Predictive validity of the braden scale for pressure injury risk assessment in adults: A systematic review and meta-analysis

Nurs Open. 2021 Sep;8(5):2194-2207. doi: 10.1002/nop2.792. Epub 2021 Feb 25.

Abstract

Aim: Pressure injuries are common adverse events in clinical practice, affecting the well-being of patients and causing considerable financial burden to healthcare systems. It is therefore essential to use reliable assessment tools to identify pressure injuries for early prevention.
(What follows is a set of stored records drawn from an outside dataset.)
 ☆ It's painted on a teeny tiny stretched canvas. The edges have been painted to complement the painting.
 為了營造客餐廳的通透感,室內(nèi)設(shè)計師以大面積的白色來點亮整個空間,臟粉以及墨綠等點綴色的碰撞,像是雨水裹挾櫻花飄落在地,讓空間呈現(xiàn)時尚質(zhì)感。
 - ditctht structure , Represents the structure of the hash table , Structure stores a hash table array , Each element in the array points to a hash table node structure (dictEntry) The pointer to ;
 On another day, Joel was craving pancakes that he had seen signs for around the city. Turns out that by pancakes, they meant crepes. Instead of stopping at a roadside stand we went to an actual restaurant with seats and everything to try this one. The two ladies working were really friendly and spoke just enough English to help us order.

The Braden Scale is a widely used tool to assess pressure injury risk, but the literature is currently lacking in determining its accuracy. This study aimed to evaluate the accuracy of the Braden Scale in assessing pressure injury risk.
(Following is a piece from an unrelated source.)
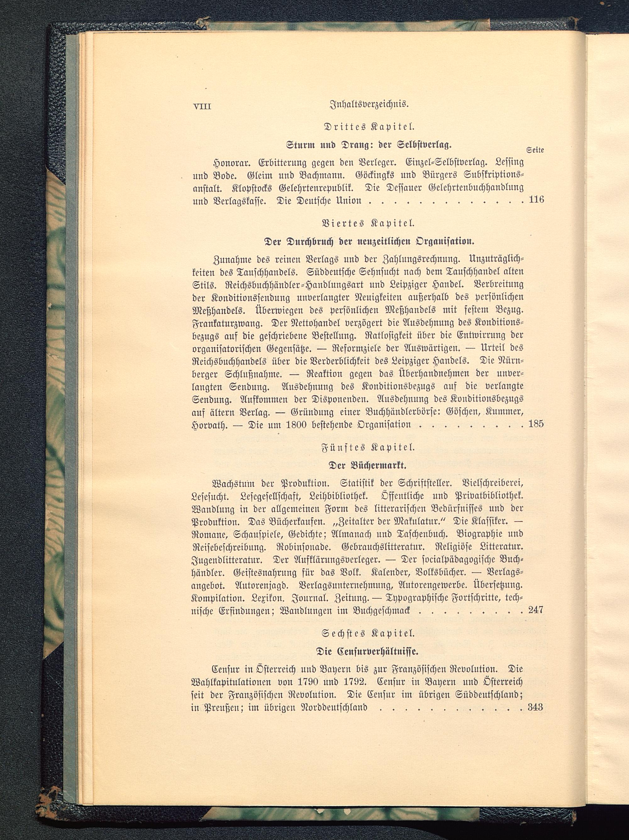 Wachstum der Produktion. Statistik der Schriftsteller. Vielschreibern,Lcsesucht. Lesegesellschaft, Leihbibliothek. Öffentliche und Privatbibliothek.Wandlung in der allgemeinen Form des literarischen Bedürfnisses nnd derProduktion. Das Bücherkaufen. „Zeitalter der Makulatur." Die Klassiker. —Romane, Schauspiele, Gedichte; Almauach und Taschenbuch. Biographie uudReisebeschreibuug. Robinsonadc. Gcbrauchslittcratur. Religiöse Littcratur.Jugcudlitteratur. Der Aufklärungsverleger. — Der socialpädagogischc Buch-händler. Geistcsnahrnng für das Volk. Kalender, Volksbücher. — Verlags-angebot. Antoreujagd. Verlagsnntcrnehmung, Antorcngewcrbc. Übersetzung.Kompilation. Lexikou. Journal. Zeitnng. — Typographische Fortschritte, tech-nische Erfindungen; Wandlungen im Buchgcschmack.........247

Design: Systematic review and meta-analysis.

Methods: Articles published between 1973-2020 from periodicals indexed in the PubMed, EMBASE, CINAHL, Web of Science and the Cochrane Library were selected. Two reviewers independently selected the relevant studies for inclusion. Data were analysed by the STATA 15.0 and the RevMan 5.3 software.
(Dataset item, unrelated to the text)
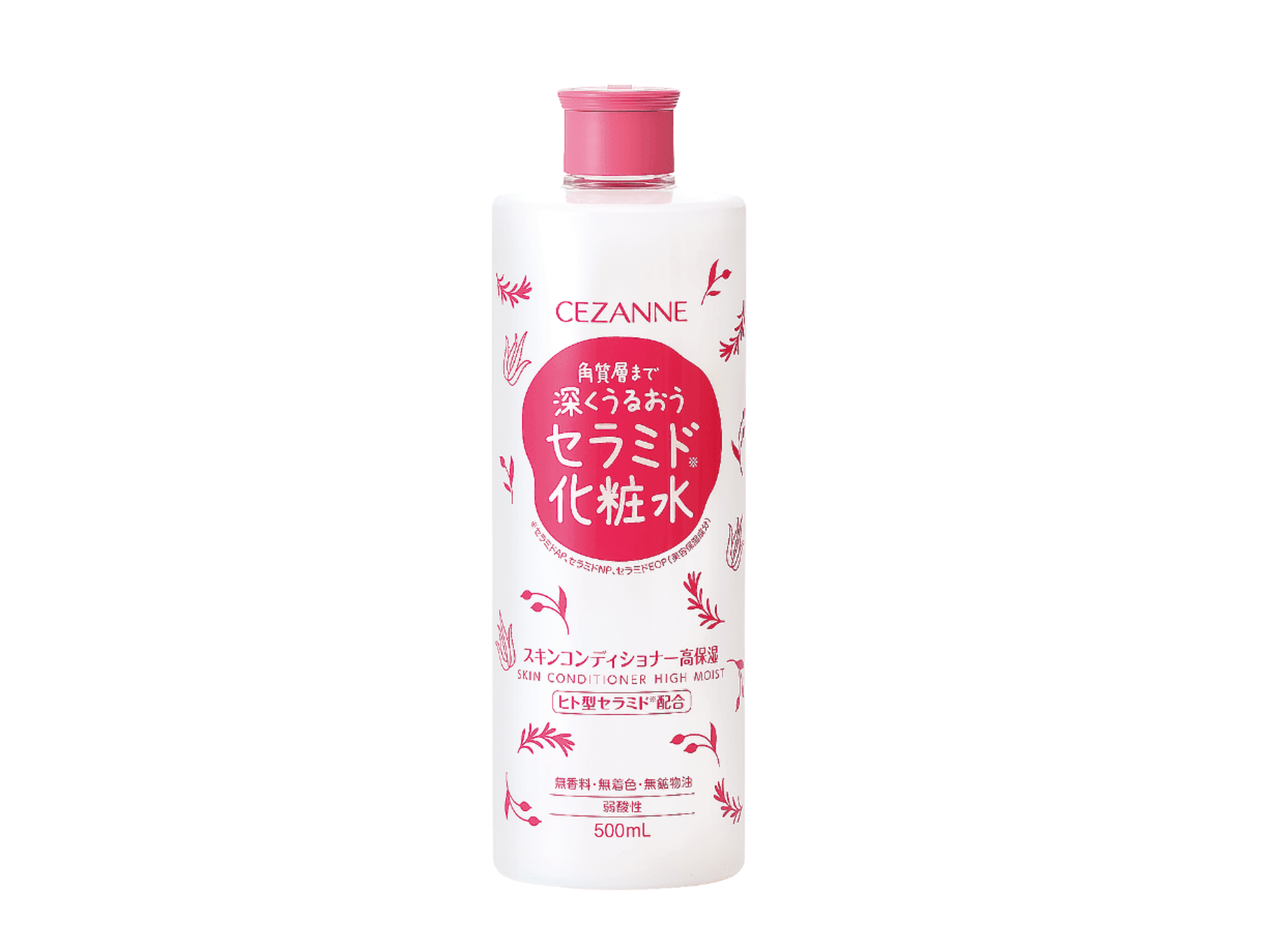 CEZANNE Skin Conditioner High Moist 500ml This lotion keeps the skin moist and protects from dryness via a moisture barrier formulation. [Featured Point] Contains - 3 kinds of Human Ceramide (CeramideAP, NP, and EOP) - 3 kinds and different sizes of Hyaluronic Acid (Sodium Hyaluronate, Sodium Acetylated Hyaluronate, and Hydrolyzed Hyaluronic Acid) - Collagen (Succinoyl Atelocollagen) - 7 Essential Amino Acids (Serine, Lycine, Glycine, Alanine, Arginine, Threonine, and Proline) - Job's tears extract [Gentle to Skin] Free from fragrance, colorant, mineral oil, and alcohol. [Hot to Use] - After washing your face, take an appropriate amount onto a cotton pad or your hands and apply it to your skin. - Can be used for body as well.

Results: In total, 60 studies involving 49,326 individuals were eligible for this meta-analysis. The pooled SEN, SPE, PLR, NLR, DOR and AUC were 0.78 (95% CI: 0.74 to 0.82), 0.72 (95% CI: 0.66 to 0.78), 2.80 (95% CI: 2.30 to 3.50), 0.30 (95% CI: 0.26 to 0.35), 9.00 (95% CI: 7.00 to 13.00) and 0.82 (95% CI: 0.79 to 0.85), respectively. Subgroup analyses indicated that the AUC was higher for prospective design (0.84, 95% CI: 0.81 to 0.87), mean age <60 years (0.87, 95% CI: 0.84 to 0.90), hospital (0.82, 95% CI: 0.79 to 0.86) and Caucasian population (0.86, 95% CI: 0.82 to 0.88). In addition, 18 was found to be the optimal cut-off value.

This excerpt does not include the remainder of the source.